The action, reported by Reuters, comes after several inspections of the company's Mumbai plant that resulted in a warning letter issued in September. Svizera, which is part of Maneesh Pharmaceuticals, touts itself as one of the largest suppliers of generic TB medicines to more than 70 countries.
In its suspension, the United Nations health agency urged that all existing batches of TB drugs made at the facility should be checked by independent experts as they may need to be recalled. In its September letter, the agency warned the company of the suspension if "critical and major observations are not corrected within a reasonable time frame."
False and inadequate drug manufacturing data and plant hygiene issues were among 10 major problems cited by inspectors in the September letter to Svizera, which is one of four drugmakers with long-term contracts to supply WHO-supported agencies battling tuberculosis globally.
|Boudewijn Ploos van Amstel, managing director of Svizera Europe|
"The letter of suspension is very misleading," Boudewijn Ploos van Amstel, managing director of Svizera Europe, told Reuters. He said WHO ignored information from Svizera that showed its operations were up to standards.
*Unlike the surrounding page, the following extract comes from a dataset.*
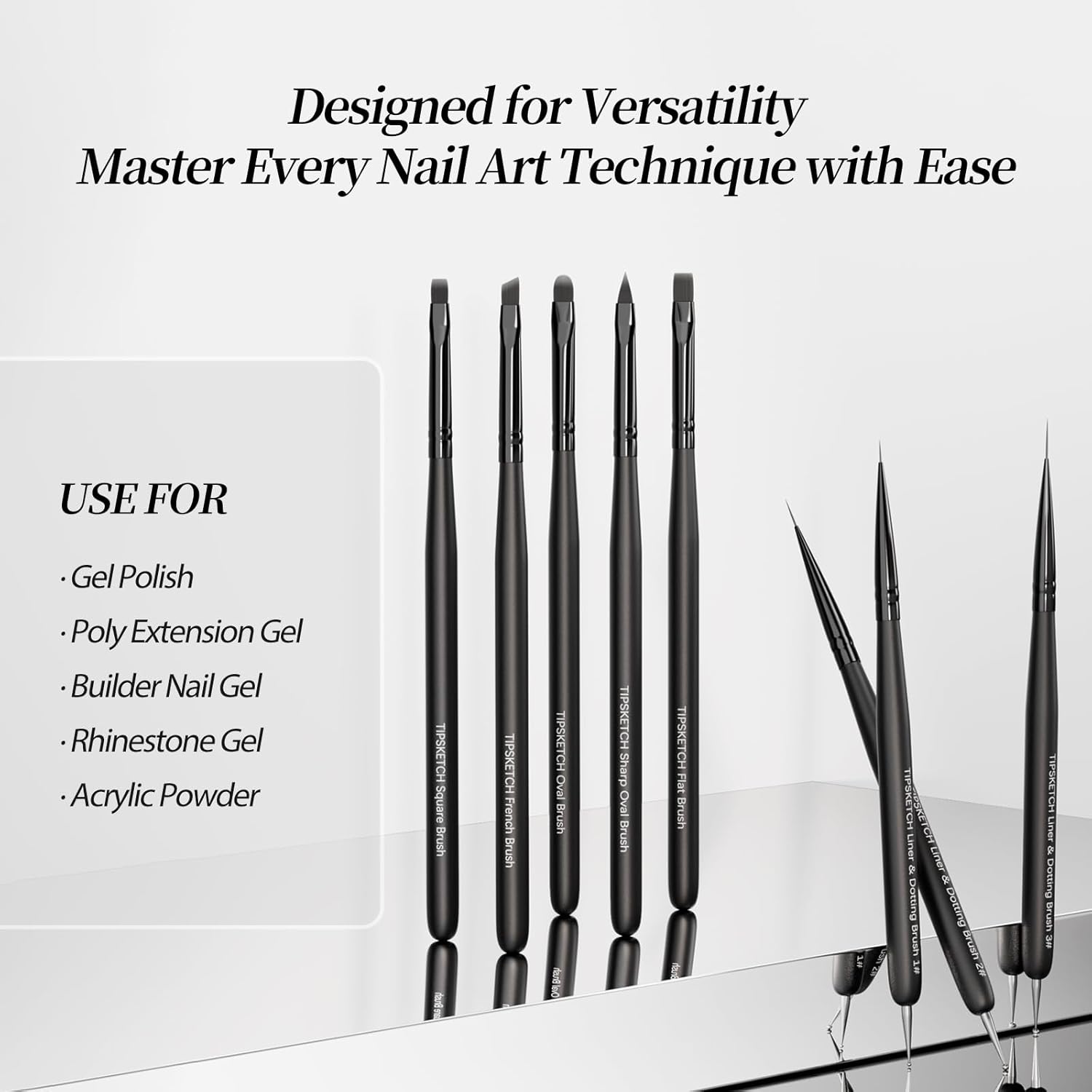 • 【Wide Range Use】Craft stunning nail art with Tipsketch's diverse brush set, perfect for 3D effects, UV gel, French tips, extensions, florals, and gradients.

The suspension is yet another mark against generic drug manufacturers in India, which have been under heavy scrutiny by U.S. and European regulators in the past few years.
Last week, the European Medicines Agency (EMA) slapped Indian drugmaker Marksans Pharma's plant in Goa with a noncompliance report in the wake of a reinspection of the facility in November that found critical problems with the facility's data integrity system, including the destruction of parts of records of prime data and missing and deleted lab data.